Les infrastructures modernes, en expansion rapide sur tout le territoire, la ponctualité des trains et des avions, les immeubles aux formes étranges habillées de verre, dans un pays ayant massivement réduit la pauvreté, tranchent avec le désordre des routes et des chemins de fer indiens, encombrés et chaotiques, jonchés d’ordures et où la misère accompagne le voyageur. Quand de surcroît notre journaliste se souvient que la Chine est membre permanent du Conseil de sécurité, puissance nucléaire reconnue, jouant parfois le rôle d’intermédiaire dans des négociations de portée stratégique, elle ne peut réprimer un vague dépit.
C’est peu dire que l’affaire tibétaine a retenu son attention. Un intérêt qui a déjà produit deux longs articles dans Asia Times. Sa réflexion s’articule autour de deux aspects, qui renvoient aux craintes qu’inspirent à la Chine l’esprit religieux dans lequel baigne le Tibet, et le formidable fossé culturel qui sépare les deux peuples.
Constatant d’abord que, dans son pays, les réfugiés du « pays des neiges » continuent à aduler le Dalai Lama, vilipendé en Chine comme un dangereux séparatiste, elle se demande si la raison essentielle des crispations chinoises n’est pas que les Tibétains continuent à être fidèles à leur chef religieux traditionnel. Une interrogation qui renvoie directement à la question des libertés de culte.

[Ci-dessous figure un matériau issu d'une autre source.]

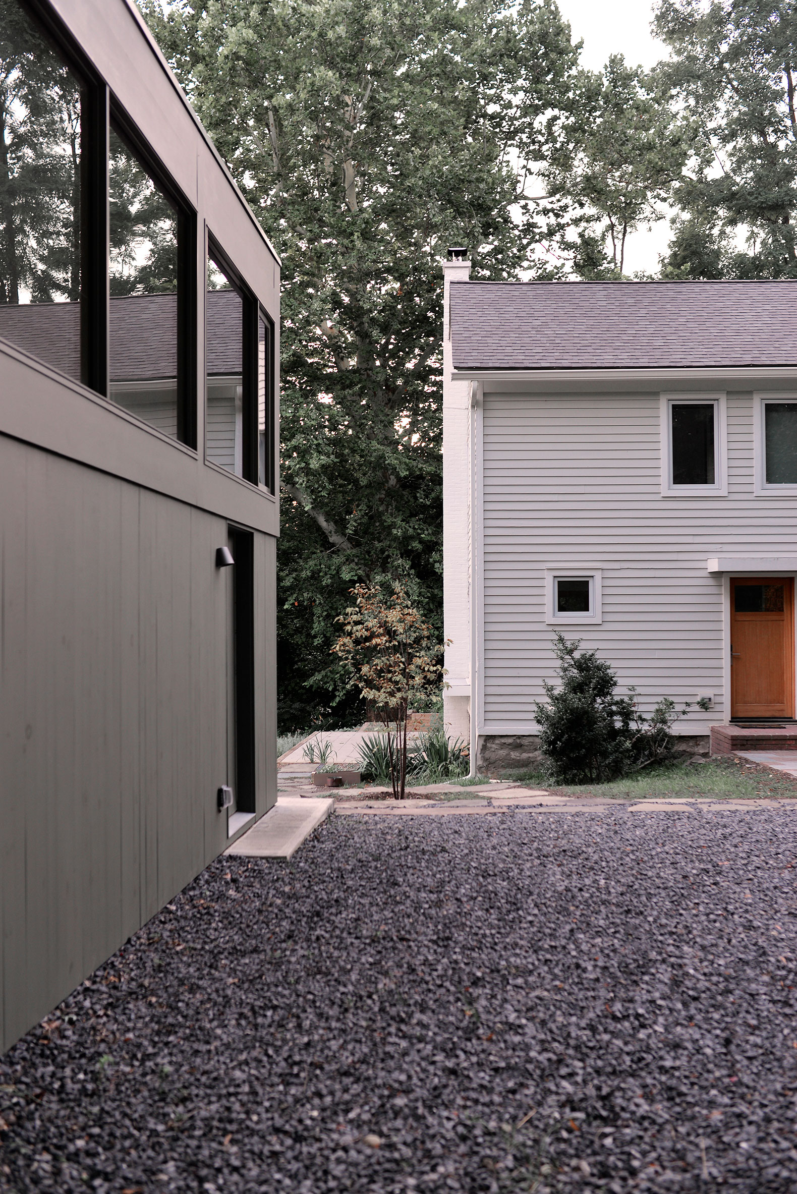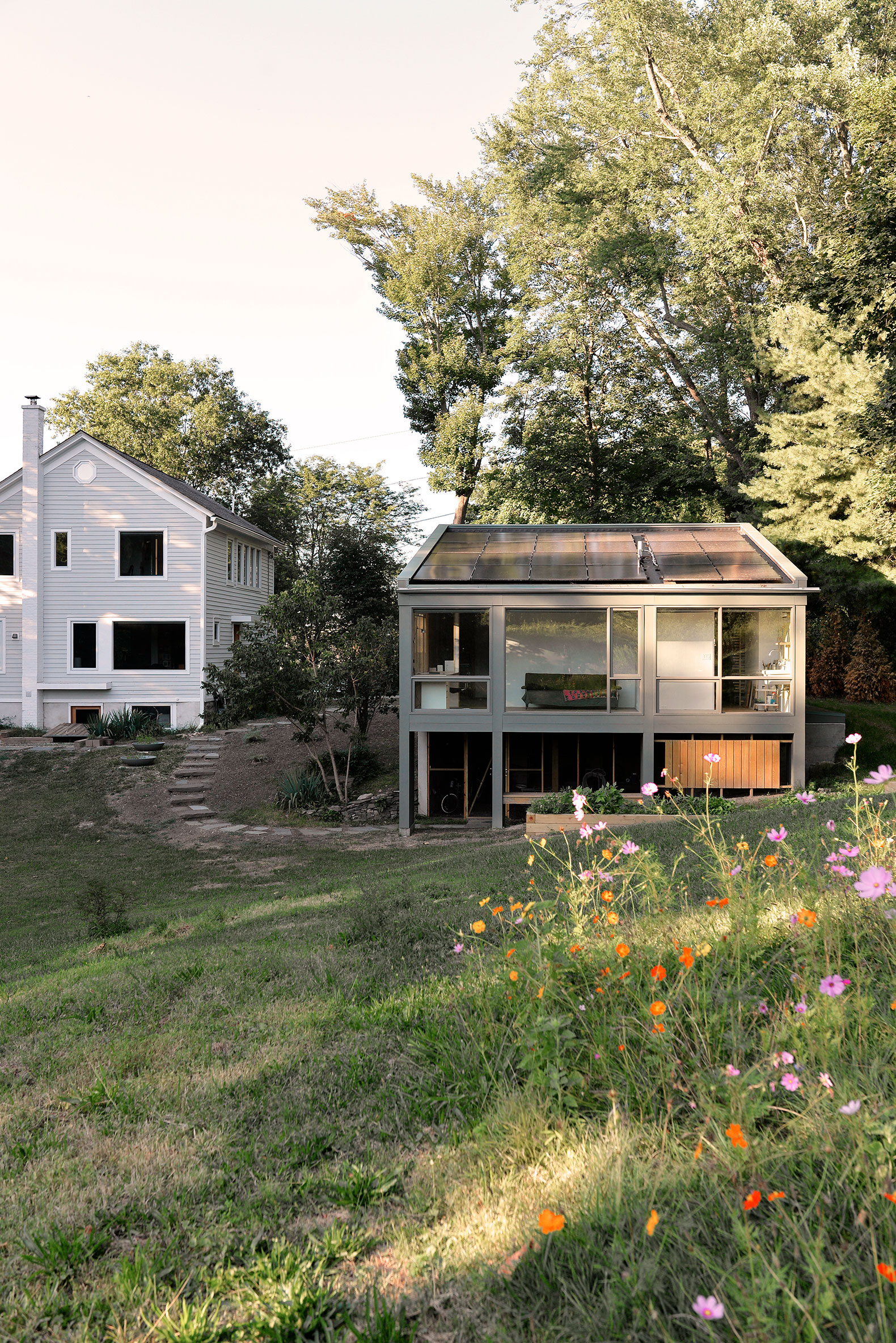 The Studio is positioned on a steep slope next to a recently renovated 1800s farmhouse, creating an entry courtyard for both buildings framed by mature trees. Its roofline follows the natural slope of the topography as it drops away, concealing the building mass from the direction of neighboring properties, while creating an ideal space for solar panels on its south-facing facade.

Baignant elle-même dans une culture mystique, à l’opposé du matérialisme chinois, elle a observé les événements de la mi-mars avec en tête les différences qui séparent les Han des Tibétains. Les premiers, agriculteurs sédentaires des plaines, agnostiques et superstitieux, les seconds, nomades des altitudes à l’oxygène raréfié, profondément religieux, dans un pays dont la vie est encore toute entière organisée autour des monastères.